A five star review of Crank, by Ellen Hopkins

by Ellen Hopkins

Rating: 🙂 🙂 🙂 🙂 🙂

I picked up this book at the Book Barn, a huge used-book outdoor store, and didn’t really bother to look inside before buying it.  I walked out with a stack of about 7 books, and this one was somewhere in the middle– the back looked pretty good, but it definitely wasn’t on the top of my TBR list.

Then, I started reading it.  At first, I was shocked because it was written in verse, something which I had never experienced in a book before, and it was weird.  Admittedly, I was really reluctant to try a book written like this.  But once I did, I absolutely LOVED it.  The book was so good right from the beginning, and once you figured out how to read the poetry like a story, it just kept getting better.  It was a new experience for me, and one I’m 100% glad I had.  Next time I go to the bookstore, you can guarantee that I’ll be looking for Glass, the second book in the series.  What I love is that even though it’s a series, it can be read as a solitary book and still make perfect sense, with a final conclusion that doesn’t leave you annoyed at the reader for making you buy another to find out what happens.
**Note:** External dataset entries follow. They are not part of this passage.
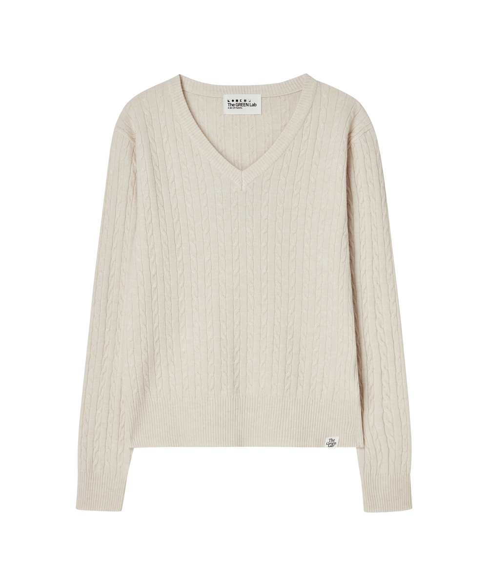 더그린랩_브이넥 케이블 니트 풀오버 [Oatmeal]SALE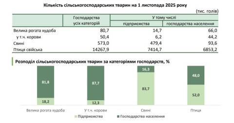 Кількість великої рогатої худоби у господарствах усіх категорій станом на 1 листопада становила 80,7 тис. голів (у тому числі корів – 50,4 тис. голів), свиней – 573 тис. голів, птиці свійської – 14,3 млн голів.Г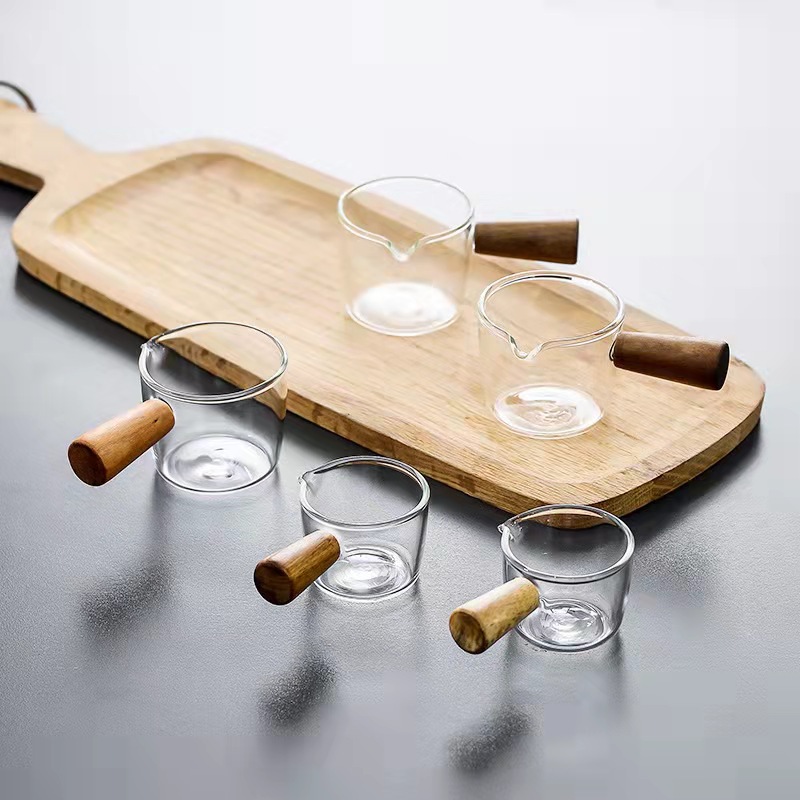 ミニ耐高温ガラス小乳鍋木柄小乳杯ミニコーヒーミルクカップカフェ用品小ミルクタンク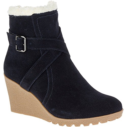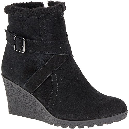 Product DescriptionSuede water resistant ankle bootie on a wedge0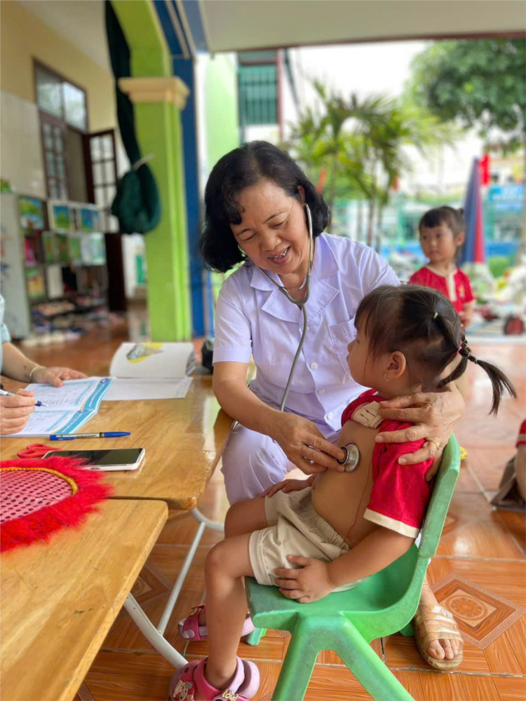 Buổi khám được tổ chức khoa học, đảm bảo an toàn và đúng quy trình y tế. Đội ngũ y, bác sĩ của Trạm Y tế tiến hành khám tổng thể cho trẻ: đo chiều cao, cân nặng, kiểm tra thể lực, khám tai – mũi – họng, răng miệng, mắt, da liễu, tim mạch và các chỉ số sinh lý phát triển khác. Từng kết quả đều được ghi chép cẩn thận, cập nhật vào hồ sơ sức khỏe của trẻ để nhà trường và phụ huynh theo dõi thường xuyên.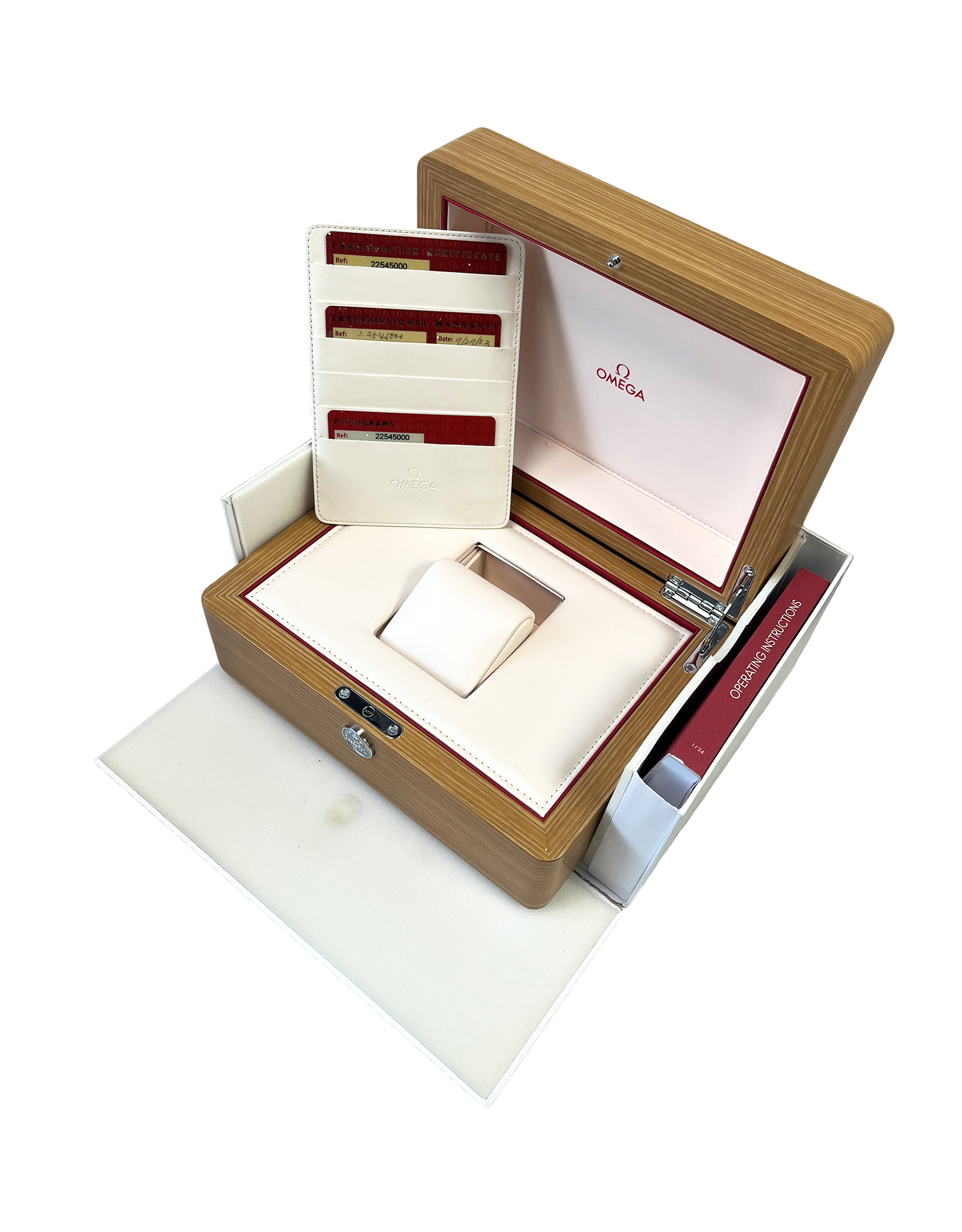 This luxury watch is presented as a full-set with a 1 Year Guarantee, Omega Watch Box (not date specific), Warranty, Chronometer and Pictogram Cards, Authentication Certificate, Watch Registry Certificate, Service Card and User Manual. The bracelet is sized to fit up to a 18cm (approx size), links can be added or removed as required.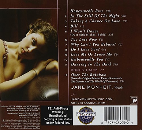 Details: Amazon.ca On her fourth album, Taking A Chance On Love, singer Jane Monheit makes her leap to the majors and the fit is a good one. As she's proven on past efforts, Monheit is a traditional stylist who expertly mines American standards by balancing pop's accessible sensibility and jazz's rich complexity. The material could be, and has been, in worse hands than Monheit's--her exceptional technique again brings these songs to life without taking liberties with structure, melody or odd arrangements. It's her exceptional execution, tonal palette, and phrasing that gives these songs a sense of artistry. She also gets subtle support from an impressive cast of sidemen (including guest singer Michael Buble, bassists Ron Carter and Christian McBride, and guitarist Romero Lubambo) in a variety of contexts, ranging from jazz combos to orchestra to vocal-and-single-instrument duets. Highlights include the tender "Embraceable You," the lushly orchestrated "Dancing in Dark" and the jaunty bebop version of "Honeysuckle Rose." -Tad Hendrickson Product Description Jane Monheit

The essential plot of Crank is that there is a high school girl named Kristina, and she is, for lack of a better word, perfect.  She gets good grades, has a great friend, and is otherwise very happy with her life.  And then she visits her father– and his life is not so pretty.  While there, she is introduced to the “monster” (crystal meth/crank) and she becomes hooked.  While high on Crank, Kristina becomes Bree, and she is capable of anything.  This story is based on Ellen Hopkins’ own daughter, and because of that it rings remarkably true, through both the ups and the downs.

Hopkins doesn’t bother to sugar coat anything.  When life sucks, she makes she that she makes that very clear.  But, what I think makes this stand out from other books about drug addicts, is that when life is great for Kristina/Bree, she makes sure that those emotions come across equally strongly.  This book is a poignant example of both the horrors, and the wonders, of being addicted to hard drugs.  If you are anything like me, you will find yourself begging Kristina to do the right thing, and sobbing at her struggles.  This book was an emotional rollercoaster.  This was actually me while reading.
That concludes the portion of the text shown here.